September 22, 1990 | By Dan Webster, Staff Writer for The Spokesman Review | Original Source

Joe Bob Briggs says ‘check it out,’ but maybe you’d be better off to chuck it out

Truth in advertising is a curious concept.
The purpose of advertising is to present a product in its best light, presumably so that people will buy or rent it. That means overlooking any shortcomings the product might have. Which means being less than honest. Which, essentially, is lying.

Truth in advertising, then, is a contradiction of terms.
Until now, that is. For there is one series of video releases that lives up to its name in every possible sense. It’s called “The Sleaziest Movies in the History of the World.”

Presented by that arbiter of offbeat aesthetics, drive-in movie critic Joe Bob Briggs, three of the “Sleaziest Movies” will be available Thursday. And, yes, they may feature violence, nudity and trashy plots -- but that’s the good news.

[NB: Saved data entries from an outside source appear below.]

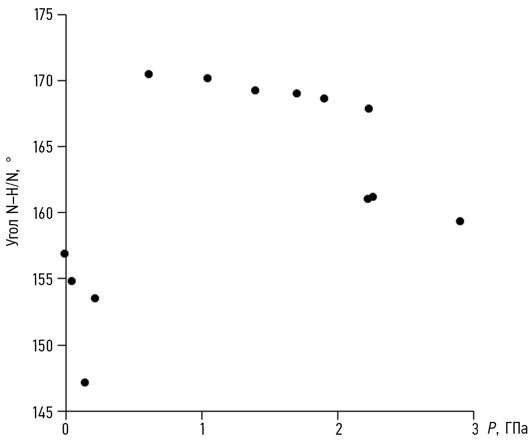Также была выявлена зависимость изменения угла N···H–N в упрощенных структурах бензимидазола, которая наглядно иллюстрирует характер изменения упаковки молекул от величины внешнего давления (рис. 3).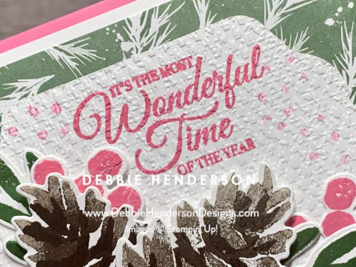 I love the sentiment “It’s The Most Wondeful Time Of Year”. A time for the birth of Jesus, time spent with family and lots of Christmas food. I used the Tasteful Textile Embossing Folder on the sentiment layer after I stamped. It gives the stamping a neat look.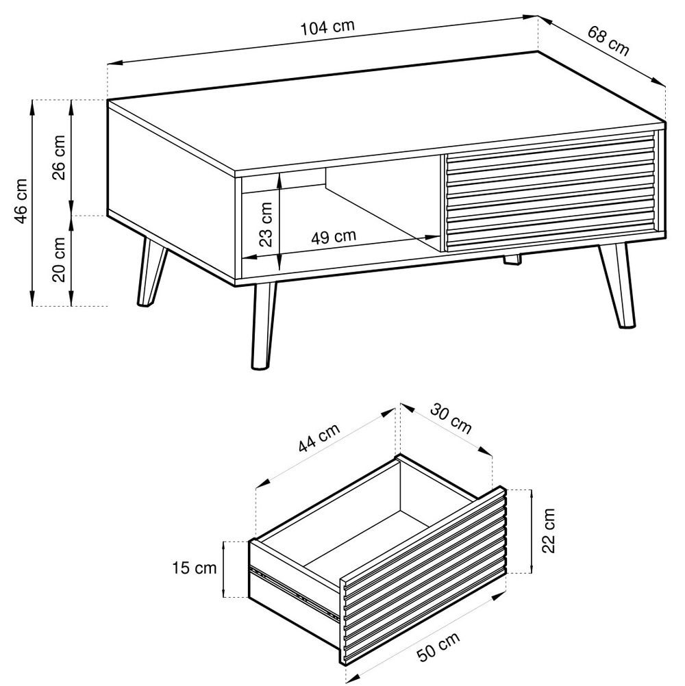 VITERBO Couchtisch im modernen Stil mit einer geriffelten Schublade in der Farbe Artistic Oak. Der Korpus des Wohnzimmertisches ist aus Schichtstoffplatte gefertigt und mit einer ABS-Kante versehen. Die Schublade lässt sich bequem durch das Push-to-Open -System öffnen . Es hat 20 cm hohe schwarze Holzbeine.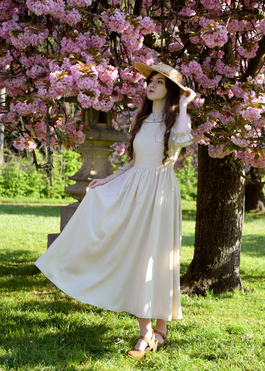 Spring and Summer Cottagecore Linen maxi Dress C2852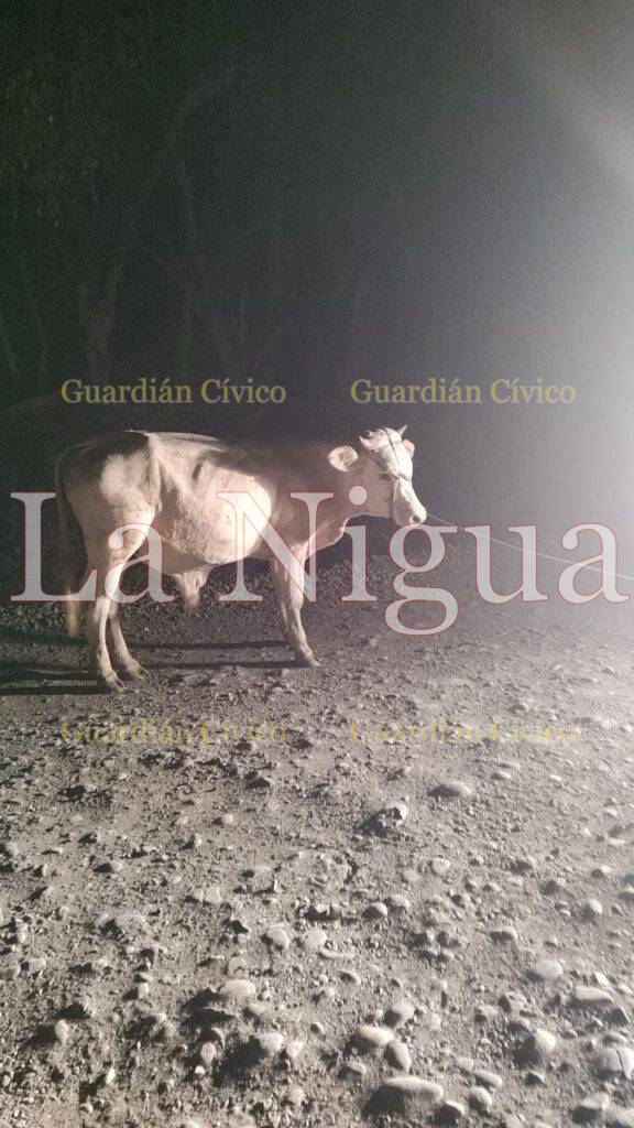 Los delincuentes al percatarse de la patrulla y los uniformados, se dieron a la fuga dejando amarrado el becerro de aproximadamente 359 kilogramos que minutos antes había robado del predio de la señora Cecilia H. C.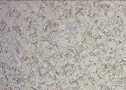 400x; etchant HCL + H2O2 (3%); uniform carbide precipitate.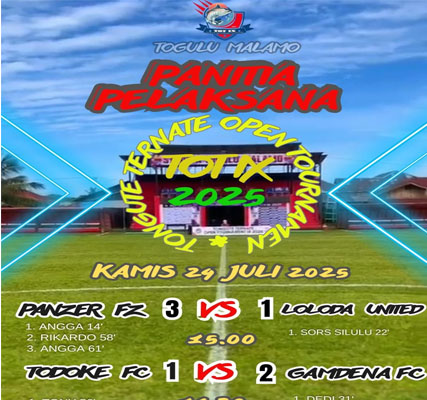 Jazirah Indonesia– Hari ke 5 Tongute Ternate Open Tournament (TOT IX) pada laga perdana babak penyisihan grup H dan I berlangsung Kamis, (24/07/2025), team Panzer FC dan Gamdena FC meraih kemenangan sempurna.

Two of the films -- “Bad Girl’s Go to Hell” (1965) and “Deadly Weapons” (1970) -- were directed by Doris Wishman, one of the few women directors to make a name in the male-dominated field of exploitation films. “Deadly Weapons” star Isreali burlesque queen Zsa Zsa -- also known, appropriately enough , as Chesty Morgan and/or Rusty Russell -- who uses her biggest assets to defeat a gang of mobsters.

The other, “She-Devils on Wheels” (1968), was directed by Hershell Gordon Lewis, the infamous maker of such gore classics as “2,000 Maniacs” and “Blood Feast” and other exploitation shockers as “Suburban Roulette” and “This Stuff’ll Kill Ya.”

Come to think about it, that last title is pretty appropriate. This stuff may not kill ya, but it might cause you to go blind. Or at least wish that you were. Not only are the films’ themes in questionable taste, but the production values fail to display a single scintilla of talent by anyone involved -- not by directors, screenwriters, cinematographers nor actors.

But, then, that’s the draw. It’s entertaining, in a sick sort of way, to watch something this bad. And it’s educational too.